The findings of a study by Alterity Therapeutics (ATH) have officially been published, demonstrating the company’s ATH434 drug candidate is “neuroprotective” and improves motor function.

Based in Melbourne and San Fransisco, the biotechnology company is dedicated to developing treatments for neurodegenerative conditions.

Its ATH434 candidate is reportedly the first in a new generation of small-molecule drugs designed to inhibit the accumulation and aggregation of pathological proteins implicated in neurodegeneration.

The preclinical study of the drug was performed at the Laboratory of Translational Neurodegeneration Research at the Medical University of Innsbruck in Austria, under the direction of Professor Nadia Stefanova.

The findings, published by Movement Disorders — the official journal of the International Parkinson and Movement Disorder Society — showed treatment using ATH434 was both neuroprotective and improved motor function.

Specifically, the drug was demonstrated to reduce a-synuclein-related neurodegeneration in a widely accepted murine model of Multiple System Atrophy (MSA).

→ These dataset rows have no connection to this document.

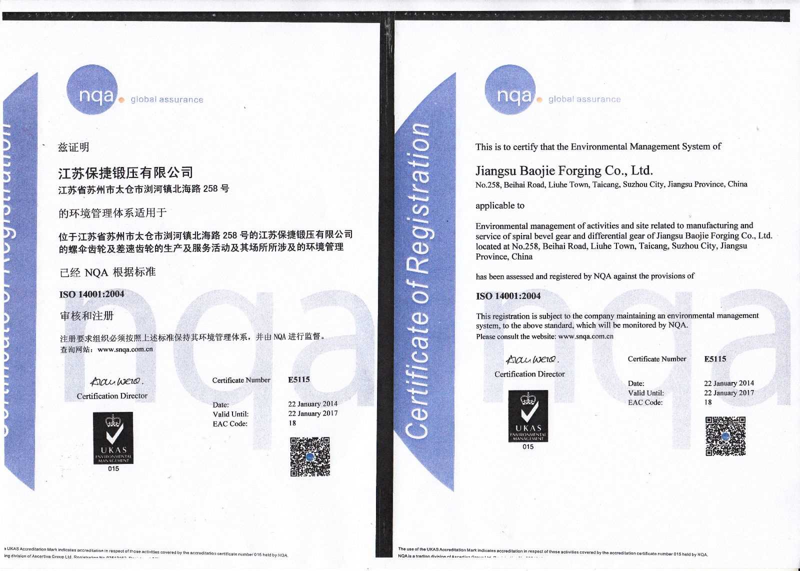 江蘇保捷鍛壓有限公司資信等級為AAA級
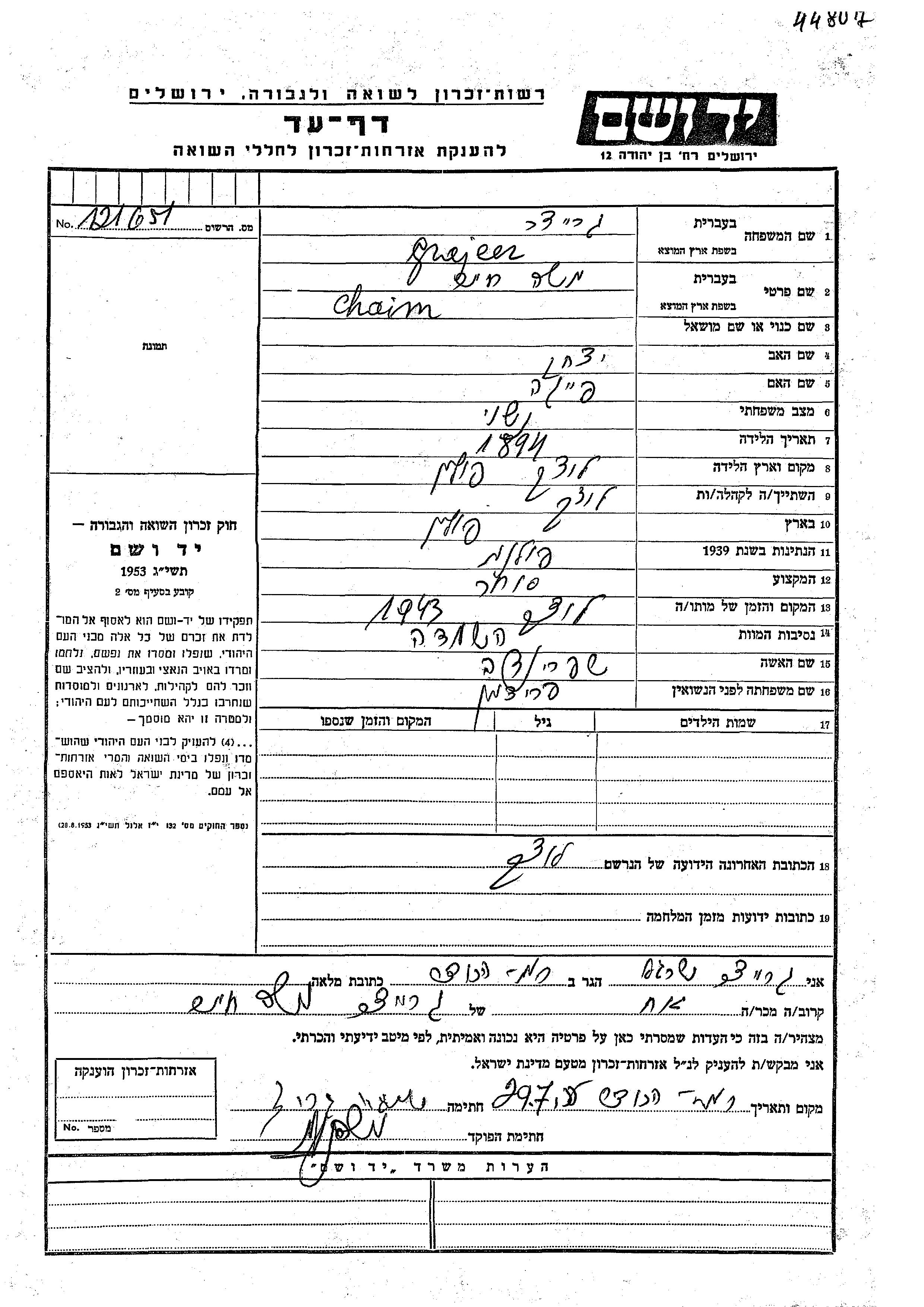 Suche nach einem Todesjahr im Zeitraum der Holocaust: 1933 bis 1945. Bitte wählen Sie 'Exakt' im Auswahlmenü, um nur nach einem einzelnen Jahr zu suchen, alternativ können Sie die flexibleren Optionen '+/- 2 Jahre' oder '+/- 5 Jahre' wählen.
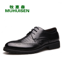 牧惠森2016布洛克雕花男鞋商务正装皮鞋圆头系带鞋子潮流婚鞋鳄鱼纹男士低帮鞋
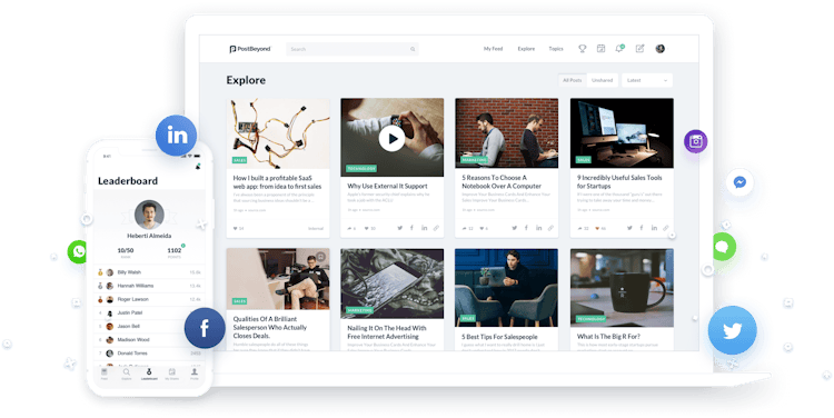 PostBeyond is a cloud-based employee advocacy platform, which helps businesses in human resources (HR), marketing, finance, and other sectors manage social selling, email newsletters, brand communication, and more. The platform makes it possible for marketers to use the social networks of their advocates to raise visibility and engagement with customers.
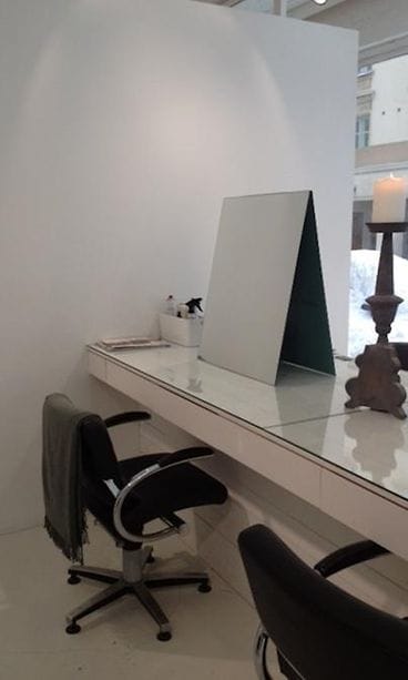 ” Nina halusi, että kampaamo olisi mahdollisimman epäkampaamomainen ja tila muunneltavissa. Niinpä esimerkiksi peilit seisovat pöydällä ja ne on helppo tarvittaessa nostaa syrjään. Näin pöytäala jää vapaaksi vaikkapa sushin valmistamiseen tai tanssimiseen, mitä nyt milloinkin haluaa tehdä.”
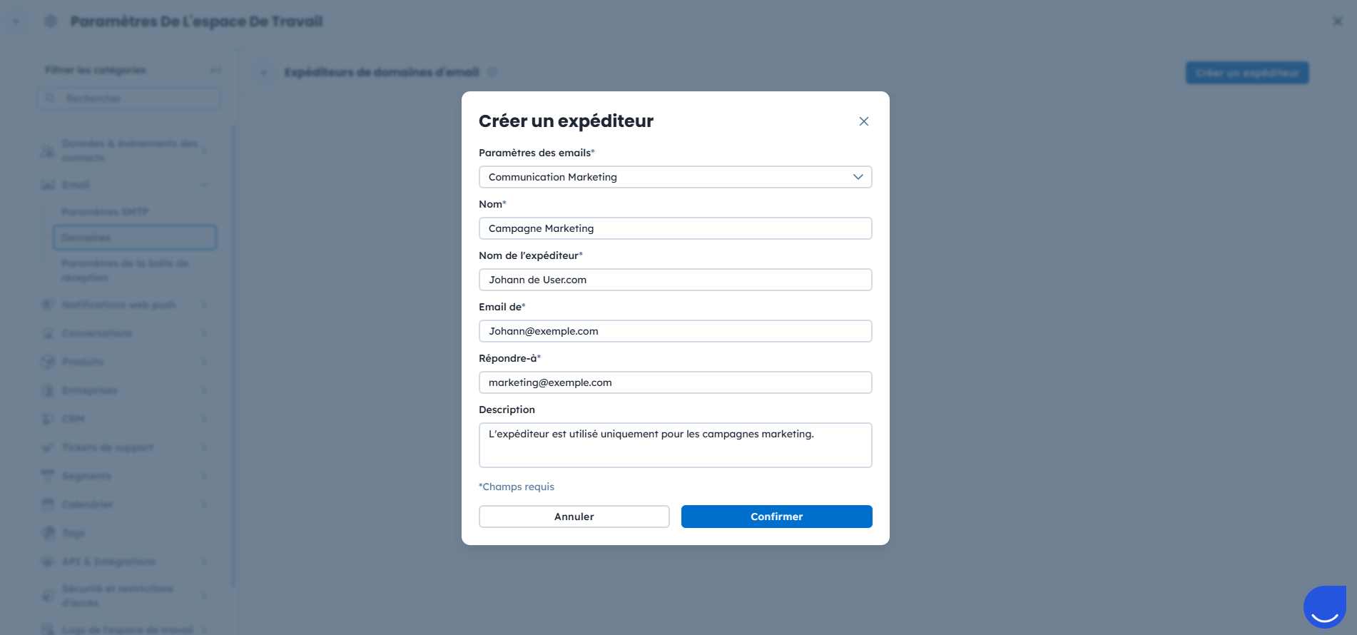 Nom : donnez un nom à l’expéditeur, pour le reconnaître facilement dans votre espace de travail.
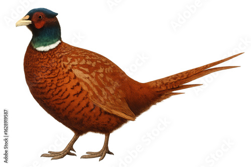 © Michael, Fototapeta premium Colorful pheasant displaying full body, standing with elegant long tail feathers against transparent backdrop, highlighting rich plumage details
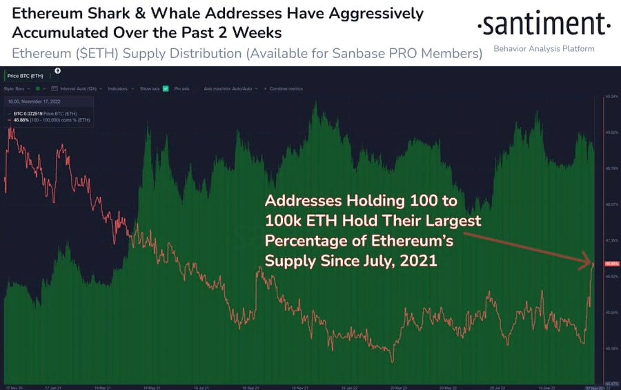 Инвесторы активизировались в тот момент, когда ETH на фоне крушения биржи FTX стал терять в стоимости вместе с биткоином. Резервы китов в эфире возросли примерно на 3,5%, подчеркнули аналитики.

ATH said the results independently confirmed and extended previous findings from another academic laboratory, both in the same MSA model and in animal models of Parkinson’s disease.

Importantly, the study also revealed for the first time that ATH343 preserved neurons in the stratium — a region of the brain known to be affected in patients with MSA.

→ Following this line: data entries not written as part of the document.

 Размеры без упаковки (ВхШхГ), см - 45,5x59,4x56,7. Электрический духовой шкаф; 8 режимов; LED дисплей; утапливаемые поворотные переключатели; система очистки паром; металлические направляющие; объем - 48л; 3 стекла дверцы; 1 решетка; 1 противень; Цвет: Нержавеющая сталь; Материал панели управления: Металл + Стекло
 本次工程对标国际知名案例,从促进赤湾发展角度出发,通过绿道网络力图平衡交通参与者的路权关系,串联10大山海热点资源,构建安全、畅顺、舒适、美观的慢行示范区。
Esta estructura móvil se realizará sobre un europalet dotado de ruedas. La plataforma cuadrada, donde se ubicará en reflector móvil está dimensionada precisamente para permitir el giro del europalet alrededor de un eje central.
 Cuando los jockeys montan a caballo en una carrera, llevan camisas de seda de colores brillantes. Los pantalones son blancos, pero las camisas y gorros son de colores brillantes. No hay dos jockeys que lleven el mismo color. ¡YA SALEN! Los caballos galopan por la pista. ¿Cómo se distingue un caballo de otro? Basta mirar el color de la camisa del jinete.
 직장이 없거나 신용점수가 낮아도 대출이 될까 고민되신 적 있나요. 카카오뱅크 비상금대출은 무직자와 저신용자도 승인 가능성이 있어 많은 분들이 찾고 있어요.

Alterity Therapeutics CEO David Stamler said publication of the results was exactly what the company was hoping to see as it advanced to clinical trials in MSA.

“By targeting a-synuclein and excess brain iron in MSA, we believe that ATH343 can treat the underlying cause of this devastating disease, which has no approved therapy,” he said.

“We remain on track to initiate our phase two clinical trial of ATH343 in patients with MSA by the end of the calendar year.”

The full publication is available online via Movement Disorders‘ online journal.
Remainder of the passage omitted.